* [Material to process]:

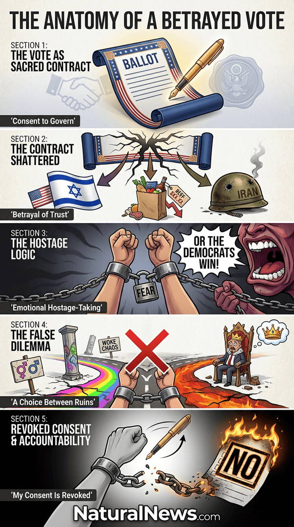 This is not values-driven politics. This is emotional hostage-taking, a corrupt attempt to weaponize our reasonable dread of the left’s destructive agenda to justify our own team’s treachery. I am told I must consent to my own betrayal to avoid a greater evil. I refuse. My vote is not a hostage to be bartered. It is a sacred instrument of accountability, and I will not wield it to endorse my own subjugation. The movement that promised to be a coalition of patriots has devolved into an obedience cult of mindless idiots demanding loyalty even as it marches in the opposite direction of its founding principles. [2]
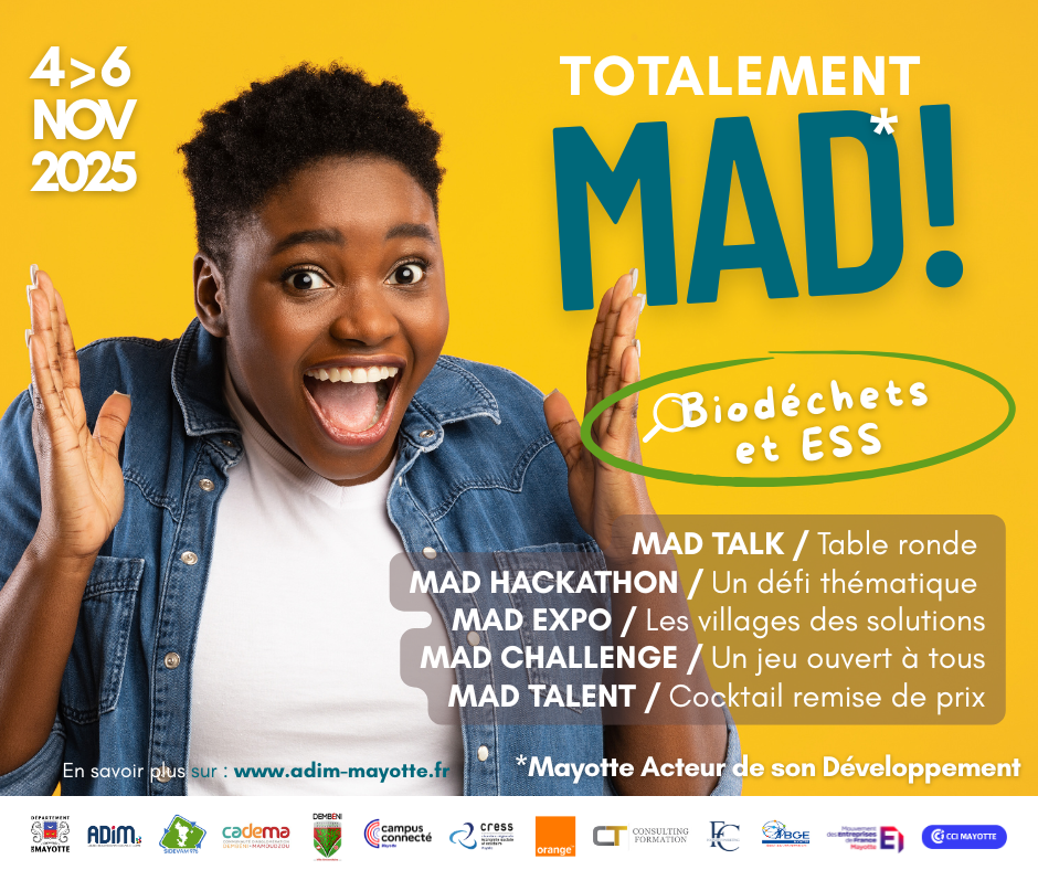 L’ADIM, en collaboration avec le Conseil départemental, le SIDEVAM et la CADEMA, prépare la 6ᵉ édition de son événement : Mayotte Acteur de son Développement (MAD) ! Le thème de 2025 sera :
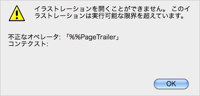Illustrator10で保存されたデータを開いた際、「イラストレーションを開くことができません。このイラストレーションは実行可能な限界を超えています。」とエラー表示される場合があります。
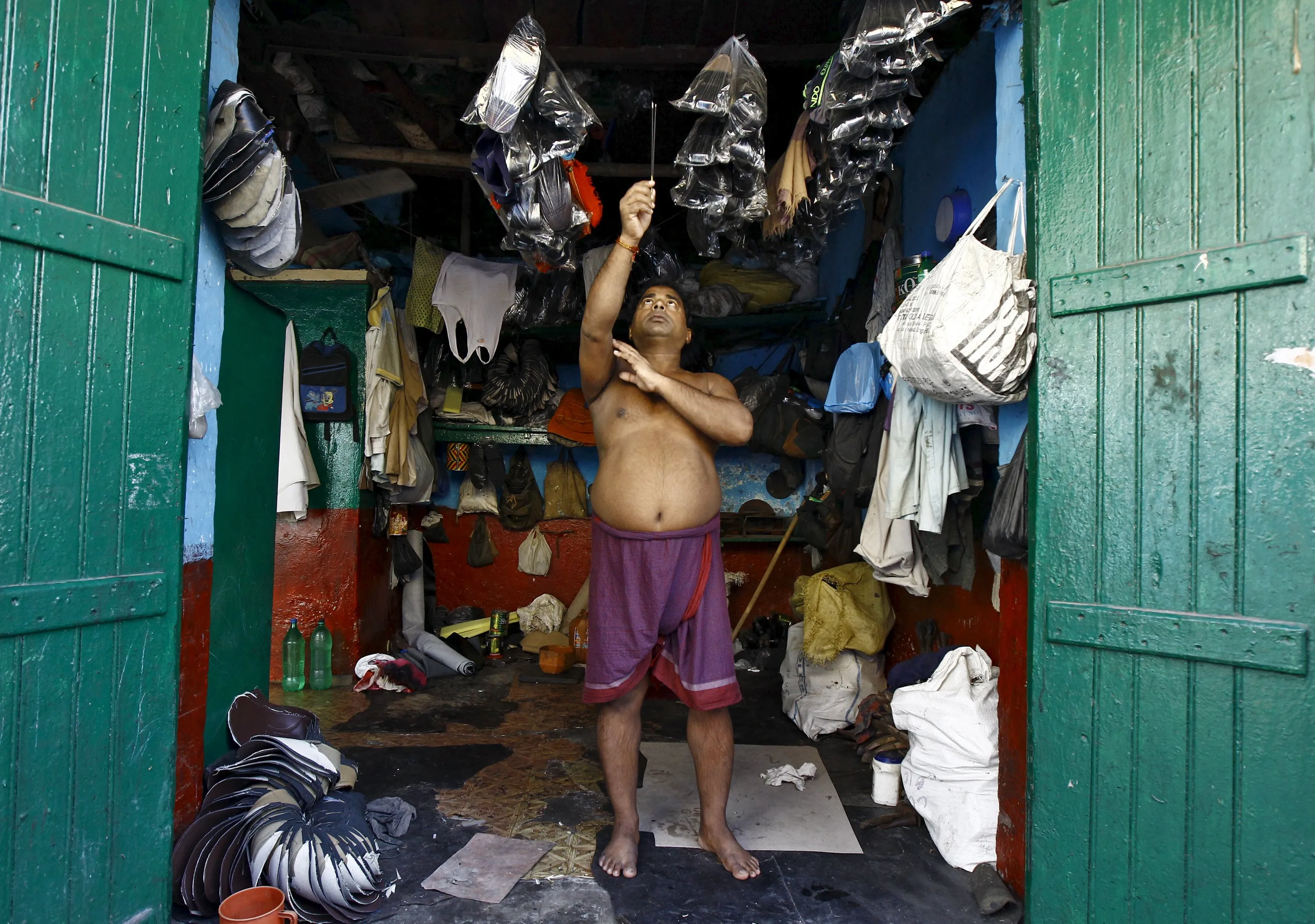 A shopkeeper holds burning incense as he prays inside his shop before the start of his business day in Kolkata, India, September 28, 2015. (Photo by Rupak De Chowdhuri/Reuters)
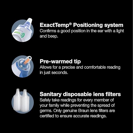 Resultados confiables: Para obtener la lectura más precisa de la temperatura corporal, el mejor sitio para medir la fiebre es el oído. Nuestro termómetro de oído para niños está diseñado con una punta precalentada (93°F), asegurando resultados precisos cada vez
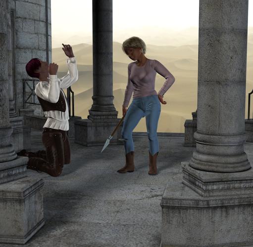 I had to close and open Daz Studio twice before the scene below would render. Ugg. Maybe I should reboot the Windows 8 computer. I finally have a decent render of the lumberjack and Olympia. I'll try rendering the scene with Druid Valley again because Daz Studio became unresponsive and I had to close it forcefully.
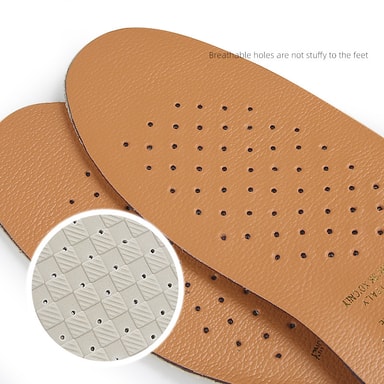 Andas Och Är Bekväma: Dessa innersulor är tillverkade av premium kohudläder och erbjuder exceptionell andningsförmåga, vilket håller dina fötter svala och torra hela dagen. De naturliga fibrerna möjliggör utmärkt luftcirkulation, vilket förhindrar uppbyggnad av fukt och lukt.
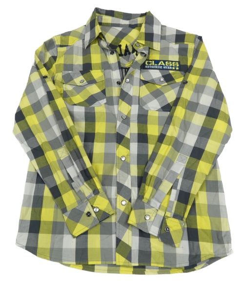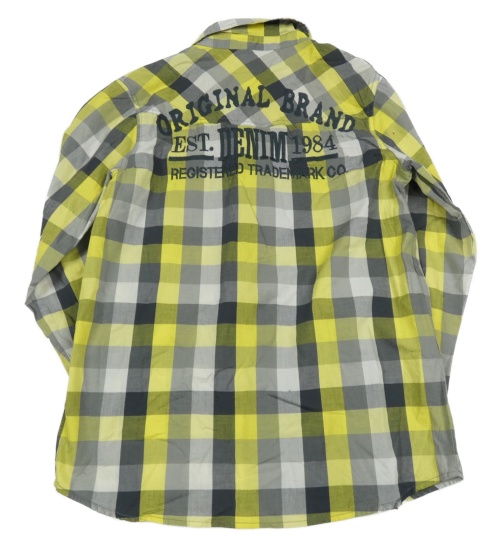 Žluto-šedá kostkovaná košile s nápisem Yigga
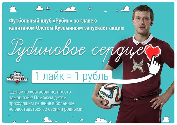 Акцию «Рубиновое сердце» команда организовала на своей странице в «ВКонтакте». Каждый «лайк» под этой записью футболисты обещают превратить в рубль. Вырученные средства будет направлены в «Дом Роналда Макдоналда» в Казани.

* [Exercise brief]: Look above for the line with "L’ADIM, en collaboration", then print it and each line after it down to and including the line with "Illustrator10で". Leave out the pictures and keep the wording exact.

* [Exercise solution]:
 L’ADIM, en collaboration avec le Conseil départemental, le SIDEVAM et la CADEMA, prépare la 6ᵉ édition de son événement : Mayotte Acteur de son Développement (MAD) ! Le thème de 2025 sera :
Illustrator10で保存されたデータを開いた際、「イラストレーションを開くことができません。このイラストレーションは実行可能な限界を超えています。」とエラー表示される場合があります。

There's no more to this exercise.